The German medium and low voltage grid codes were among the first and most extensive examples of a national grid code. In the US, California is revising the state's Rule 21' which is a code at the state level. Grid codes generally reference the standards, such as the IEC smart inverter standard and communication protocol standards. Such references benefit the manufacturers by providing more consistency in what is needed in the marketplace1.
The next challenge to be addressed is how to manage the communication to all of these devices, especially as the number of deployed resources grows rapidly. The aggregate impact of many small DER, such as residential photovoltaic (PV) systems, is like that of large DER. Makers of distribution management systems (DMS) and utility control room operators typically do not want to view numerous small-scale DER on a device by device basis. They also do not want to view the numerous smart inverter functions and the detailed parameters involved with configuring each function. That level of control is too granular to be useful in the present distribution management environment where there are typically just a few control devices and basic on/off or up/down settings.
The clear distinction between the many field devices with many functional capabilities and the control center need for simplicity creates a need for DER management systems, or DERMS. In view of this, EPRI began work with the US Department of Energy, National Institute of Standards and Technology, Smart Grid Interoperability Panel, and other entities in late 2012 to address this need. EPRI gathered a host of industry stakeholders to coalesce around a common set of use cases that are fitting for DER integration at the enterprise level. This body of work was aimed at addressing the needs for DMS integration of DER, including utility-to-aggregator interfaces and substation or feeder-level management of DER. The core set of use cases is based on the need to manage groups of DER, do maintenance on these groups (creating/deleting groups, adding or removing members), status monitoring of the group, dispatching of the group for real and reactive power, and forecasting of a group's capabilities.

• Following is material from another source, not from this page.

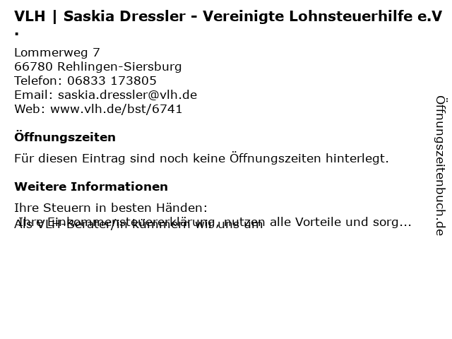 | VLH | Saskia Dressler - Vereinigte Lohnsteuerhilfe e.V. anrufen | |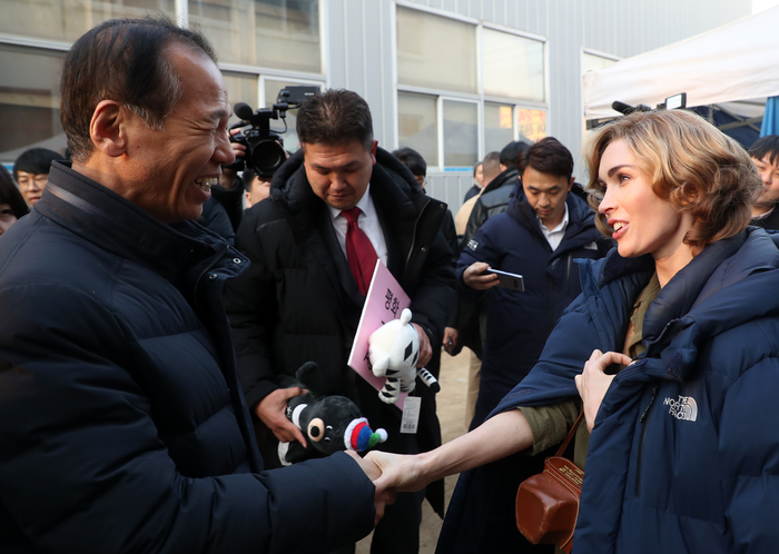 할리우드 배우 메간 폭스가 10일 강원 춘천시의 영화 촬영 현장에서 최문순 강원도지사로부터 수호랑·반다비 인형을 선물받고 있다. 메간 폭스는 영화 '장사리 9.15' 촬영을 위해 우리나라를 방문했다.

Nominally the DERMS could be thought of as another edge system such as an advanced metering infrastructure (AMI) head-end system that manages the communication with meters, performing meter reading and handling commands and events, while communicating with other back-office systems such as a customer information system (CIS) or meter data management system (MDMS). A DERMS would communicate with individual DER in the field via any of several standardized protocols and would communicate with other interested back-office systems about the status and capabilities of the DER in aggregate. Interested' systems might be, for example, a Distribution Management System (DMS) for group capabilities, an Outage Management System (OMS) for any pertinent events, or a Geospatial Information System (GIS) for locational data or for the nameplate characteristics (rated DER capacity) if a utility is also using the GIS for asset management. The use cases and communication standards for utility application to application or business-to-business integration is typically via Common Information Model (CIM) standard (in this case IEC 61968- 100) or MultiSpeak.™ Other protocols are also possible and could be adapted to support the needs of managing DER in aggregate groups. A DERMS might receive a request from a utility DMS that in essence says, "How many vars can you give me at this location, at this time, for this group?" The DERMS would manage the communication to all of the resources that make up that group, determine the capability, and respond with the vars, duration (how long it could support that request), and the degree of confidence it could meet the request based on its internal algorithms.
During the development of these DERMS use cases EPRI collaborated with the MultiSpeak and IEC standards development organizations (SDOs) so that the messages to support these use cases would be consistent across the two enterprise integration standards. While some of the internal organizing principles are somewhat different, this was a very successful effort to align these standards. During 2013, the DER group monitoring and managing messages were defined using XML Schema Definition (XSD) and published.
However, just having a standard (or a draft of a standard) on paper is not sufficient to prove that it works or to convince industry stakeholders to move forward with products and programs based on the standard. What is needed to close the action' gap is for product manufacturers to implement the new capabilities into their products and test (demonstrate
their capabilities relative to the standard). To facilitate this vendors want specific interpretation and guidance as it relates to the standard. Historically if this guidance is missing, vendors may have different interpretations of the meaning of a standard and implement it in ways that are not interoperable.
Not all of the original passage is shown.